Case 1: $EF$ not $\parallel CD$.

Produce $EF$ to meet $CD$ at $U$.

Label points $V$ and $W$ in $\triangle UVW$.

Apply Menelaus's Theorem to five transversals of $\triangle UVW$.

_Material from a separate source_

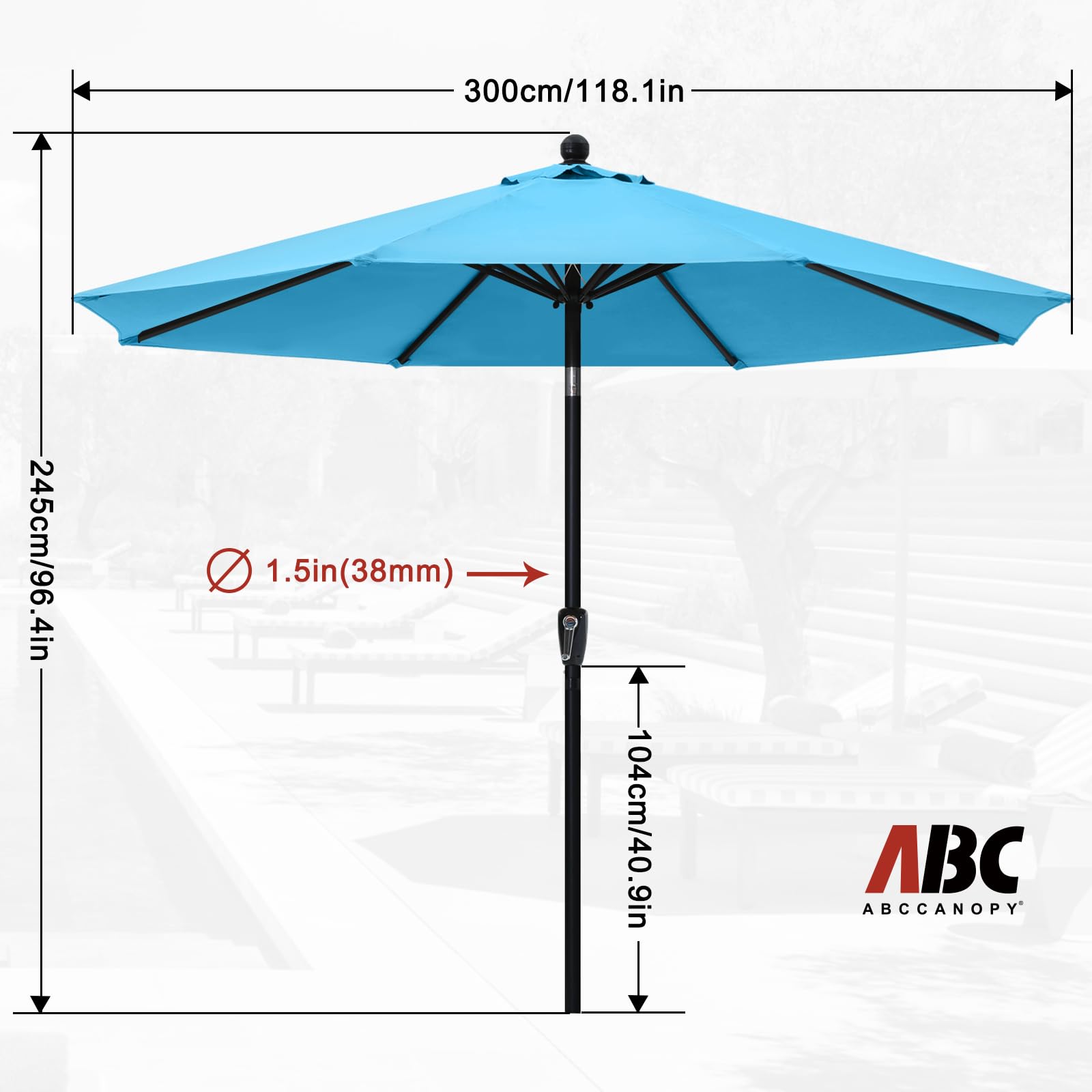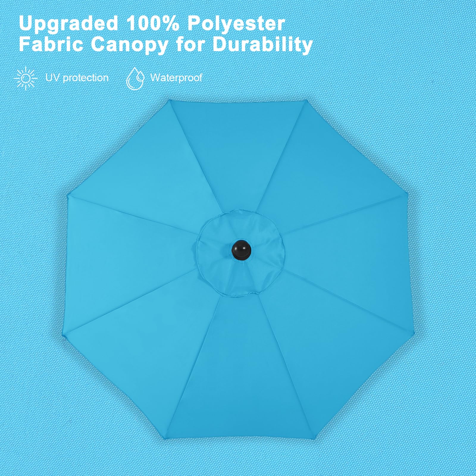 Abccanopy Sonnenschirm 228 cm, 274 cm, 305 cm mit Druckknopf für Garten, Terrasse, Hinterhof und Pool, 6 Rippen, 13+ Farben 10FT türkis

\(\text {(1)}: \quad\) \(\ds \dfrac{UE}{EV} \cdot \dfrac {VA}{AW} \cdot \dfrac {WC}{CU}\) \(=\) \(\ds -1\) Menelaus's Theorem for $ECA$ in $\triangle ABC$
\(\text {(2)}: \quad\) \(\ds \dfrac{WC}{CU} \cdot \dfrac {UN}{NV} \cdot \dfrac {VB}{BW}\) \(=\) \(\ds -1\) Menelaus's Theorem for $CNB$ in $\triangle ABC$
\(\text {(3)}: \quad\) \(\ds \dfrac{UE}{EV} \cdot \dfrac {VL}{LW} \cdot \dfrac {WD}{DU}\) \(=\) \(\ds -1\) Menelaus's Theorem for $ELD$ in $\triangle ABC$
\(\text {(4)}: \quad\) \(\ds \dfrac{UF}{FV} \cdot \dfrac {VA}{AW} \cdot \dfrac {WM}{MU}\) \(=\) \(\ds -1\) Menelaus's Theorem for $AMF$ in $\triangle ABC$
\(\text {(5)}: \quad\) \(\ds \dfrac{UF}{FV} \cdot \dfrac {VB}{BW} \cdot \dfrac {WD}{DU}\) \(=\) \(\ds -1\) Menelaus's Theorem for $BFD$ in $\triangle ABC$

Multiply $(2) \cdot (3) \cdot (4)$:

\(\ds \dfrac{WC}{CU} \cdot \dfrac {UN}{NV} \cdot \dfrac {VB}{BW} \cdot \dfrac{UE}{EV} \cdot \dfrac {VL}{LW} \cdot \dfrac {WD}{DU} \cdot \dfrac{UF}{FV} \cdot \dfrac {VA}{AW} \cdot \dfrac {WM}{MU}\) \(=\) \(\ds -1\)
\(\text {(6)}: \quad\) \(\ds \dfrac {UN}{NV} \cdot \dfrac {VL}{LW} \cdot \dfrac {WM}{MU} \cdot \paren {\dfrac{WC}{CU} \cdot \dfrac {VB}{BW} \cdot \dfrac{UE}{EV} \cdot \dfrac {WD}{DU} \cdot \dfrac{UF}{FV} \cdot \dfrac {VA}{AW} }\) \(=\) \(\ds -1\) rearranging

Multiply $(1) \cdot (5)$:

\(\ds \dfrac{UE}{EV} \cdot \dfrac {VA}{AW} \cdot \dfrac {WC}{CU} \cdot \dfrac{UF}{FV} \cdot \dfrac {VB}{BW} \cdot \dfrac {WD}{DU}\) \(=\) \(\ds 1\)
\(\text {(7)}: \quad\) \(\ds \dfrac {WC}{CU} \cdot \dfrac {VB}{BW} \cdot \dfrac{UE}{EV} \cdot \dfrac {WD}{DU} \cdot \dfrac{UF}{FV} \cdot \dfrac {VA}{AW}\) \(=\) \(\ds 1\) rearranging

Multiply $(7)$ by $-1$ and equate the left hand side of $(6)$ to the left hand side of $(7)$:

\(\ds \dfrac {UN}{NV} \cdot \dfrac {VL}{LW} \cdot \dfrac {WM}{MU} \cdot \paren {\dfrac{WC}{CU} \cdot \dfrac {VB}{BW} \cdot \dfrac{UE}{EV} \cdot \dfrac {WD}{DU} \cdot \dfrac{UF}{FV} \cdot \dfrac {VA}{AW} }\) \(=\) \(\ds - \dfrac {WC}{CU} \cdot \dfrac {VB}{BW} \cdot \dfrac{UE}{EV} \cdot \dfrac {WD}{DU} \cdot \dfrac{UF}{FV} \cdot \dfrac {VA}{AW}\)
\(\ds \dfrac {UN}{NV} \cdot \dfrac {VL}{LW} \cdot \dfrac {WM}{MU}\) \(=\) \(\ds - 1\)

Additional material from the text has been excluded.